A third characteristic of new governments, which imagination should help us understand, is the relationship of the new rulers to their political opponents. During our political campaigns, candidates denounce each other on the hustings; election over, they meet amiably. The transition from one administration to another is extraordinarily smooth. We take it for granted that foreign ambassadors will maintain social relations with leaders of opposition parties, and if, before our election, the British Ambassador had not known Adlai Stevenson, Lyndon Johnson and Sam Rayburn, we would have felt he was not up to his job. Similarly, our Ambassador in the United Kingdom as a matter of course knows Hugh Gaitskell and Harold Wilson.
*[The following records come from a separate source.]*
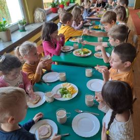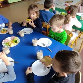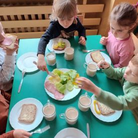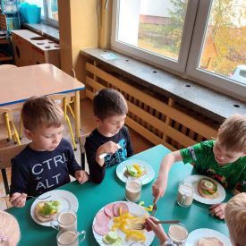 W naszym przedszkolu w ramach realizacji projektu "Przedszkole Promujące Zdrowie" cyklicznie odbywają się śniadania w formie „szwedzkiego stołu”. Przedszkolaki samodzielnie wykonują kanapki podczas śniadania, mają do wyboru zdrowe i smaczne produkty. Dzieci same decydują o tym, co znajdzie się na ich kanapkach. Komponowanie kanapek uczy samodzielności, umiejętności dokonywania wyboru, przełamywania niechęci do spożywania niektórych produktów. Dzieciom bardzo podoba się taki sposób podawania posiłku, oprócz „tworzenia” własnych pysznych kanapek dostarczane są różnorodne i wartościowe dla ich zdrowia składniki, które powinny znaleźć się w codziennej diecie.
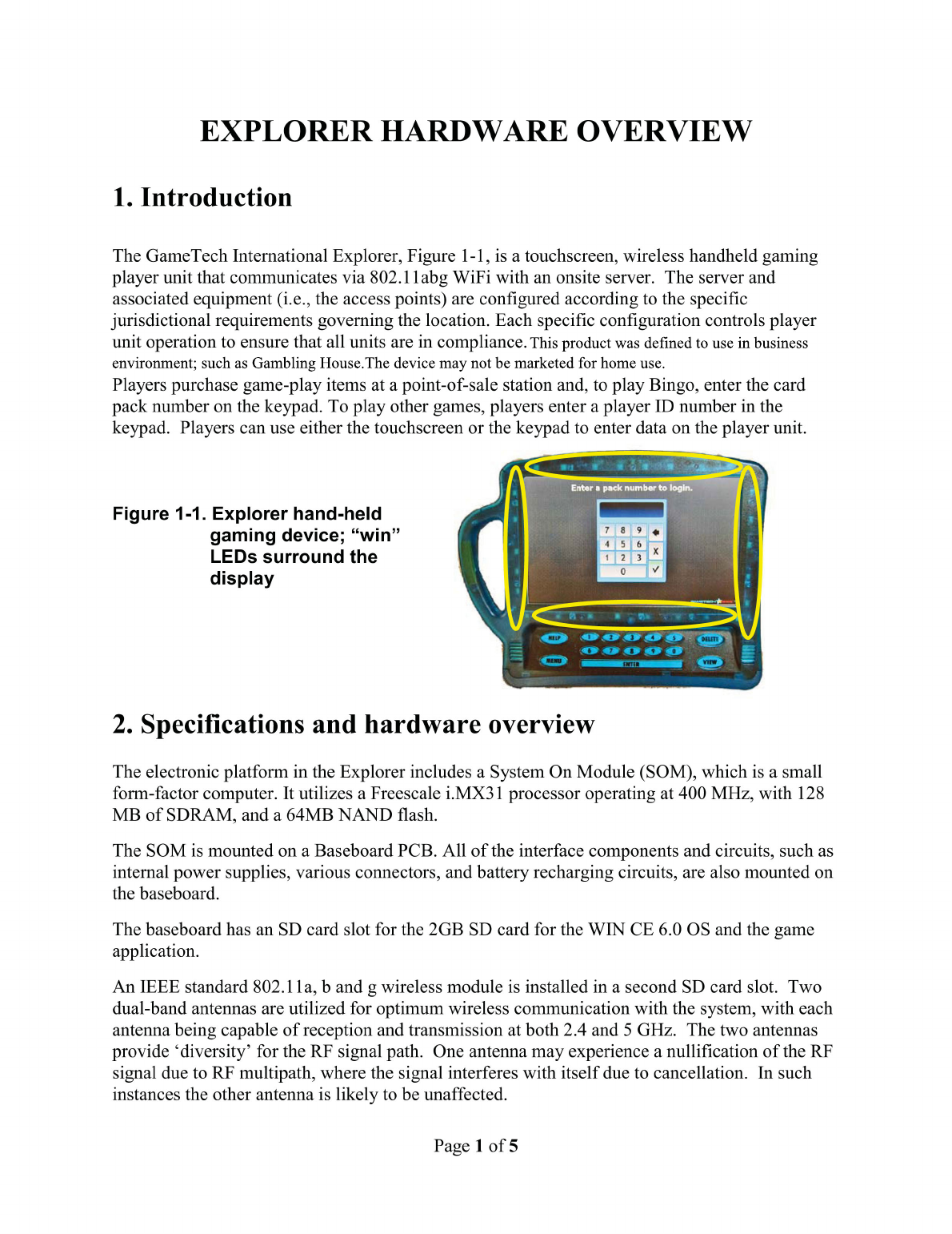 GameTech International, Inc. Wireless handheld gaming device - Explorer Player Unit
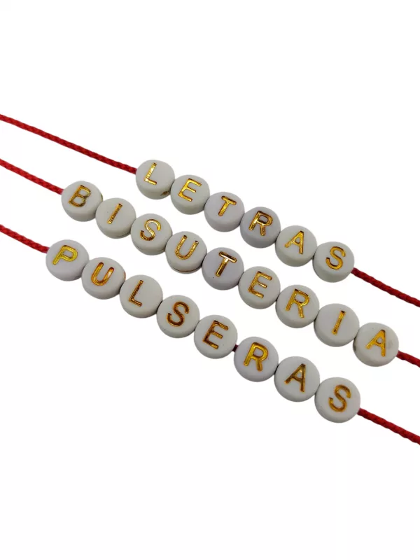 Letras para pulseras y bisuteria, base circular blanca y letra dorada, letra pasante para manillas y pulseras. 100 gramos
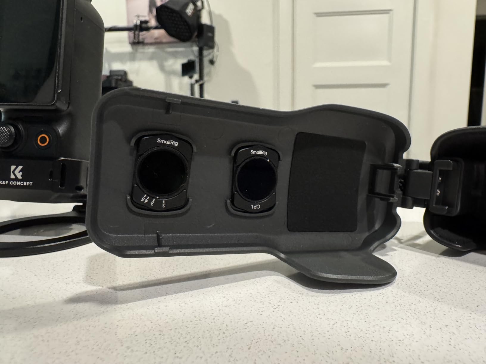 The lid has two openings for storing magnetic filters, which is a plus point. Mind you, it doesn't work for the original wide-angle lens, but it does work for nd or black mist filters that are finer. Once placed, when closed, it protects all the delicate areas that are normally left in the air. The body part itself is quite sturdy and won't have any problems, but the gimbal is much safer with this cover on.
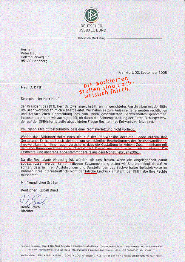 DFB Otto-Fleck-Schneise 6 60528 Frankfurt DFB./.Hauf Hepberg, den 6.September 2008 Sehr geehrter Herr Strich, Ihr Schreiben vom 2.September mit Poststempel vom 5.September ist heute bei mir eingegangen. Sie haben es nunmehr, selbst nach eingehender juristischer Evaluierung meiner Texte und Abbildungen auf den Seiten Aktuell und spirit+projekte_NeueForm auf dieser Website durch die von Ihnen eingesetzte, bedeutende Rechtsanwaltgesellschaft Beiten Burkhardt/Muenchen, zum drittenmal versaeumt, auf meine konkrete Provokation mit dem Vorwurf der Hehlerei auch konkret einzugehen; nach wie vor gebrauchen Sie (mittlerweile doch laengst widerlegte und entkraeftete) Ausfluechte und scheinen zu glauben, dass es hinreicht, mir den Mund zu verbieten. Dabei wiederholen Sie mir gegenueber, wie ich annehme, bloss woertlich die - typischerweise wieder auf Ihr Konto umgebuchte - Haelfte der eloquenten Expertise von Beiten Burkhardt, 'dass eine Rechtsverletzung nicht vorliegt', waehrend deren andere Haelfte hoechstwahrscheinlich dahingehend lauten duerfte, dass dies so lange der Fall sein wird, wie Sie meinem - nicht aus der Luft gegriffenen - Vorwurf nicht auch konkret begegnen und zugeben, wo Sie ihre Werbemittel her haben, die meiner Schoepfung in so augenscheinlicher wie unverschaemter Auffaelligkeit von der Backe geschnitten sind, und welche in erster Linie durch den Missbrauch, den Sie damit betreiben, in ihrer an sich kontraeren Bedeutung skrupellos - ich nehme jetzt an: absichtlich - zerstoert wird. Ihre Formulierungen "Deutschlandflagge" (es geht auf meiner Seite um eine echte, neuartige, offene Kunst-Fahne, die von mir nicht zu irgendwelchem Ge- oder Missbrauch als Fahne im Sinn einer Repraesentation irgendwelcher - und schon garnicht kommerzieller - Bedingungen gedacht ist, sondern gerade bewusst ueber derlei Ueberkommenheiten hinaus geht), "gewaehlter Entwurf" (es handelt sich bei mir um eine eigenschoepferische Leistung) und "Erstbestellung" (ist urheber- und wettbewerbsrechtlich vollkommen irrelevant; ausserdem hat man das Werbemittel, von dem Sie an der Stelle sprechen, erst Anno 2008 unter Ihrer Marke zu sehen bekommen) etc. haben keinen Bestand. - Daraus wollen Sie die Summe einer "eindeutigen Rechtslage" gezogen haben? Sie haben bloss den Ball ein weiteres mal ins Leere geschoben und sind der befriedigenden Regelung in der Angelegenheit, um die ich Ihren Chef ersucht und die ich (jetzt vergebens) von ihm gefordert hatte, erneut so feige, unverschaemt und verantwortungslos wie moeglich aus dem Weg gegangen. Sie benennen auch wieder keinen Gestalter fuer "Ihre Fahne"; der DDR-Look Ihrer "DFB-Deutschlandfahne" deutet auf 'meine' Fahnenfabrik. - Diejenige Person, die der Justiziar von Bitburger in seinem Schreiben vom 6.6.08 - ebenso wie "die verantwortliche Projektleiterin" dort - bei GVK (aeusserst vage) "benannte", und die mir nicht Entsprechendes am Telefon gesagt hatte, wollte dann auch nicht schriftlich diese Rolle uebernehmen: niemand hat sich bisher konkret fuer Sie zu dieser Funktion bekannt. In dem Vorgang, der sich gut als ein 'Staffellauf der Faelschungen' darstellen laesst (siehe Aktuell ), geht es meines Erachtens darum, dass Sie und Ihr Sponsor Bitburger auch nur Werkzeuge eines Masterminds sind (der die Rolle des 'aus gutem Grund' durch Sie permanent verdeckten, illegitimen 'Lenders of the Last Ressort' meiner von ihm gekaperten Leistung uebernommen hat), den Sie - jetzt in der Falle des korrupten Deals sitzend, doch ganz nebenbei sehr wohl mit dessen kryptischen Naziprojekt konform, nicht wahr - eben auf Teufel komm 'raus decken muessen. Das Angebot naemlich, das er Ihnen - mit meiner Leistung und daher illegalerweise - gemacht hat (und auf das Sie bewusst eingegangen sind), bedeutete, dass Sie fuer die kreative Schluesselleistung, die Sie in einer Kampagne zur EM 2008 benoetigten, nichts zu bezahlen brauchten. Ich sehe hier einen Vorgang aehnlich dem der Geldwaesche: der erste (geraubte) "Betrag" ist "gratis" und muss daher um jeden Preis in seiner Herkunft verhehlt werden; ein nachhaltig erfolgreicher Weg in dem Zusammenhang hier waere etwa eine solche Verramschung eines Originalentwurfes, wie er in Ihrer EM-2008-Kampagne stattgefunden hat. Zum Schluss wird der 'Mastermind' meine Fahne - unter seinem Interpretationsmonopol - jedoch, frisch gewaschen, als die des von ihm favorisierten Lagers - mit einer von ihm gesteuerten, weiter auf das Gruendlichste gefaelschten Identitaet UND Klientel - "aus der Taufe heben" und vorlegen koennen; denn er braucht dann bloss zu behaupten, es waere seine selbstaendige Weiterentwicklung der DFB- und Bitburger-/DFB-Flaggen 2008, die ja im Grunde auch von ihm kam und alles bloss seine "selbstaendige Bearbeitung der Deutschlandflagge" ist. Die "Kaufkraft", um im Bild zu bleiben, meiner fuer eine "KOMMENDE Gemeinschaft" (siehe spirit+projekte_Aktuell) gedachte, offene Fahne wird sich dann vollends auf die vernagelte UEBERKOMMENE Gesellschaft uebertragen haben, deren Kritik sie in Wirklichkeit gewesen ist... -Wer weiss, vielleicht wollte der 'Mastermind'/Fahnenhaendler - zusammen mit Ihnen und dem einen oder anderen Zyniker bei Bitburger - meine Fahne ja bloss in dem fuer alle drei beteiligten Marketingabteilungen hochinteressanten Spektakel der EM verbrennen, nach dem zugkraeftigen, hierzulande doch bestimmt noch validen Motto “Wehret den Anfängen" oder so, das schon immer eine Bande fuer eine kleine Sauerei unter ein Dach zusammenbrachte und diese in eine Staatsaktion zu verwandeln verstand? In jedem Fall wird aber - in einem faelscherischen, kulturell hoechst manipulativen Vorgang und mittels Ihrer mehr oder weniger freiwilligen Hilfestellung - nicht nur das Urheberrecht, das Sie und Bitburger generell - zu Ihren Gunsten - ignorieren zu koennen glauben, gewaschen worden sein, sondern mit der mir von Ihnen und dem 'Mastermind' aus der Hand gewundenen Fahne die Geschichte der deutschen Fahnen als solche gleich mit dazu. Unter dem Strich bleib
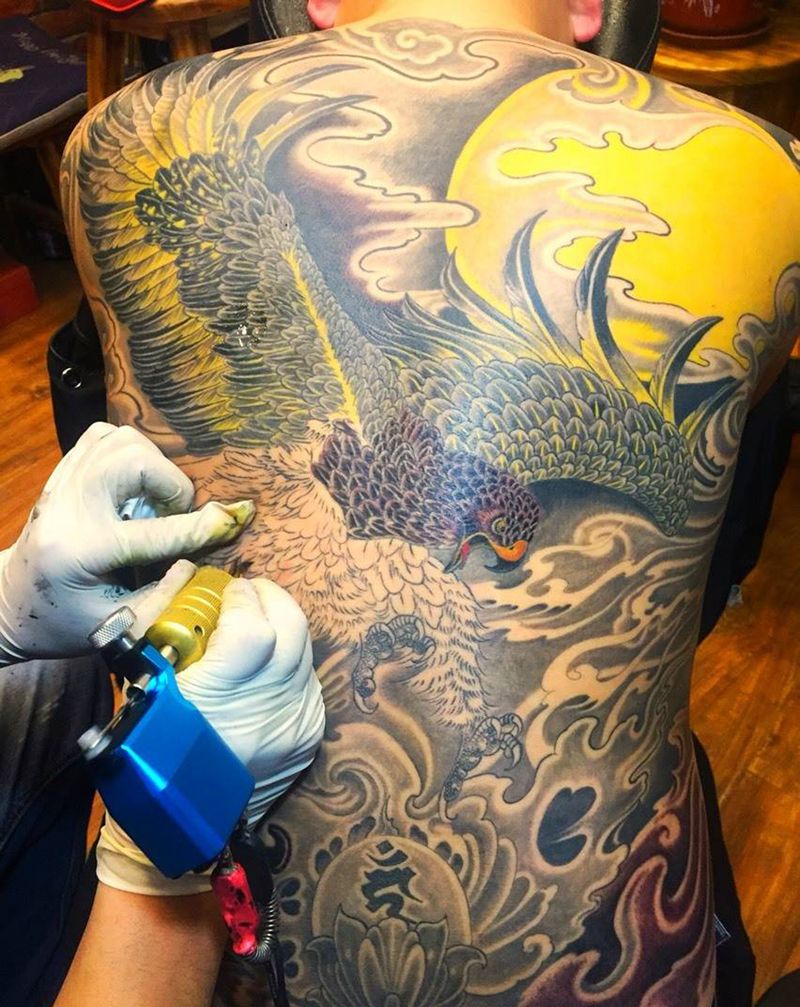 当前位置: 首页 >山东省淄博市纹身店-金艺堂纹身纹身图案>雄鹰纹身图片_成品背部传统动物原创纹身图案

In revolutionary situations, different rules apply, for the opposition is not a "loyal opposition" or merely a political competitor; it is the enemy. The defeated opponent is likely to be plotting the overthrow of the government and may be assembling clandestine armed forces. In these circumstances, a revolutionary leader will not look with calm upon social or personal relations between foreign ambassadors and his opponents. The effort to maintain such contacts may well lead to the diplomat being declared persona non grata.

Again our own history should assist in understanding this problem. When these new governments curb such normal social contacts on grounds of "internal security," we should recall the dismissal of Citizen Genêt by Washington. We should remember, also, the Alien and Sedition Acts during the administration of John Adams. Like much legislation in today's new states, those acts were aimed at suppressing political opposition. We hope we have outgrown such manœuvres, but the feelings which motivated them survive in the United States today.

It required all our political sophistication to treat Khrushchev when he came for the first time, not as the author of savagery in Hungary, but as the leader of a great power with whom the realities of international life required us to deal. His second trip produced many hostile manifestations. If it is so hard for us to exhibit restraint, we ought to be able to understand the oversensitiveness of weak, new governments menaced by an opposition ready to resort to bullets at the first hope of success.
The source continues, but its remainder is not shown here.